Opinião

Letras | A Gorda, de Isabela Figueiredo

1 jun 2023 09:28

A leitura tem de ser torrencial para acompanhar a escrita igualmente torrencial com que a narradora nos conta a sua vida

O livro saiu em 2016, mas aquele título A Gorda sempre me afastava dele. Preconceito? Medo do dramatismo? Da autocomiseração? Talvez. Até que um bom desconto no preço me convenceu a trazê-lo comigo. E li-o “de enfiada”. Trata do preconceito? Sim, muito! É dramático? Muito, mas sem dramatismos. Mas de compadecimento nada tem!

A narrativa, feita em primeira pessoa pela personagem principal (Maria Luísa), assenta em três grandes pilares por ela vividos e que se entrelaçam: o estigma da obesidade, o retorno das ex-colónias e uma história de amor não correspondido – é este último aquele que mais fundo crava a dor na protagonista.

A leitura tem de ser torrencial para acompanhar a escrita igualmente torrencial com que a narradora nos conta a sua vida embora sem qualquer unidade de tempo ou de ação. Os episódios vividos desde os seus doze anos até aos seus cinquenta e tal, bem como as várias personagens que a marcam e que ama e/ou odeia, aparecem algo emaranhados nos correntes monólogos interiores que se nos deparam. Há, porém, uma unidade interna na narrativa marcada pela indomável força interior de Maria Luísa e tendo como centro fulcral a casa onde vive, onde se protege e aonde sempre regressa – a casa que os papás compraram em Almada com as economias de uma vida de trabalho em Moçambique quando de lá regressaram em 1985.

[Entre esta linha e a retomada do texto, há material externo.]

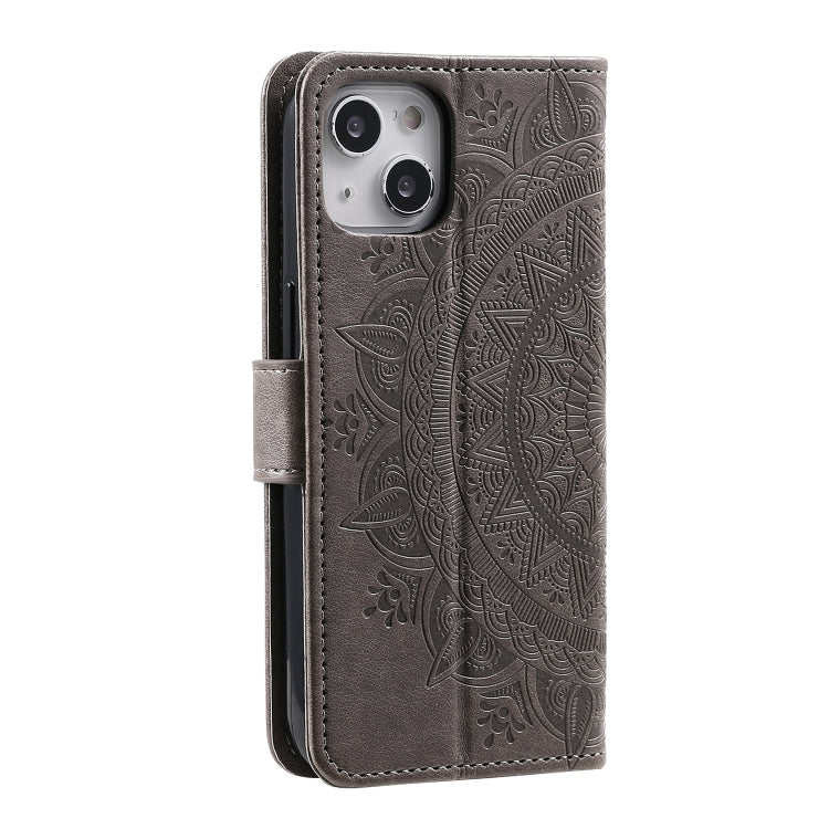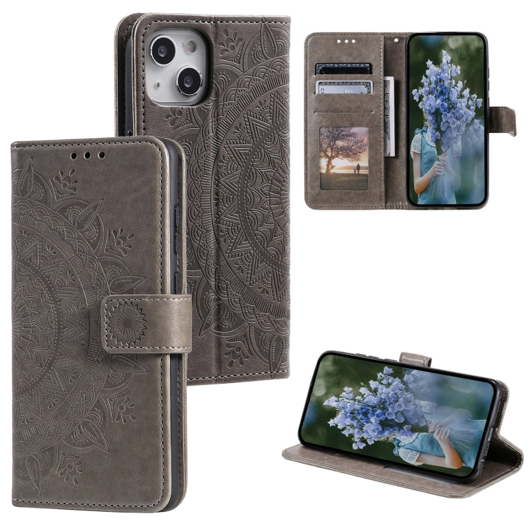 Estuche para teléfono iPhone 15 Plus Totem Flower Cuero en Relieve (Gris)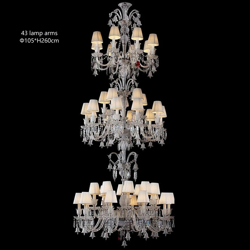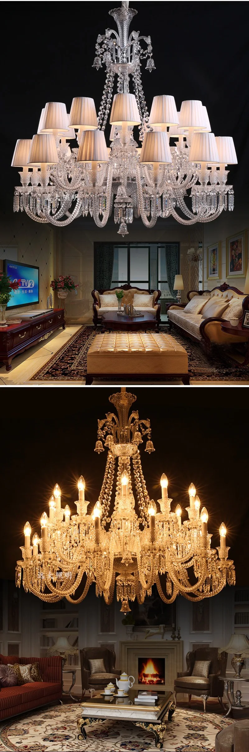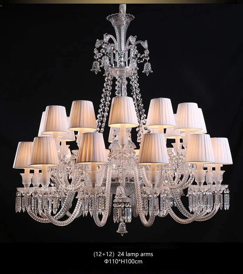 Material:polish chrome metal + glass arms+crystal+fabric shade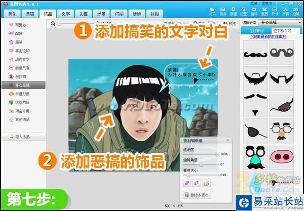 7.到“文字”菜單和“飾品”菜單中,分別給圖片添加搞笑的對白文字以及一些搞笑的素材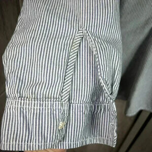 There are a few stains and the button on one of the sleeves is broken - please review the last couple of pictures.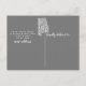 Faire-part de déménagement dans une maison moderne mettant en vedette l'état de l'Alabama sur fond de toile grise. Retournez la carte pour voir un verso personnalisable pour une touche supplémentaire spéciale.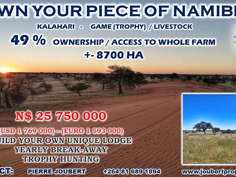 Escape to Kalahari wide-open living near Mariental, Namibia — 8,700ha of grasslands and dunes, game-fenced camps with abundant wildlife and 22 water points.

Curiosamente, cada capítulo do livro tem o nome das divisões da casa: desde a “porta da entrada” até ao “hall”, passando por todas as restantes, todas elas marcadas pela presença da mamã, dona de casa exímia, que as decora com as mobílias “acumuladas em Cabora Bassa” e as plantas que despachou por barco, e do papá, um colonialista ferrenho. É a partir de cada divisão da casa que, num emaranhado temporal e emocional muito bem conseguido, e com sentimentos muito contraditórios, nos são apresentadas todas personagens que cruzam a vida de ML bem como os “safanões” que delas recebe e que lhes devolve.

Vem para a Metrópole em 75 primeiro para casa da avó nas Caldas, depois para casa da prima Fá em Alcobaça, até entrar para um colégio interno na Lourinhã. Determinadamente boa aluna e bem-comportada, afastada dos pais durante dez anos, viveu os seus amores e amizades de forma intensa e crua: Tony, a amiga do colégio, que amou e serviu com desvelo e admiração e David, um rapaz tímido e mais novo, com quem começou a estudar Filosofia e que vai ser a paixão, o amor da sua vida. Também ela vai ser a paixão da vida dele, abandonando-a, porém, por pressão do grupo por ela ser gorda.

E por isso sofre de forma dorida mas firme, conseguindo seguir em frente fortalecida (mesmo sangrando por dentro) por novos e sempre diferentes relacionamentos.

Trata-se de um romance arrojado pelas temáticas que aborda, pela natureza da protagonista, mas muito especialmente pela linguagem crua, os termos brutais que utiliza, pelas descrições impudentes de atos abjetos e de constrangedoras situações íntimas.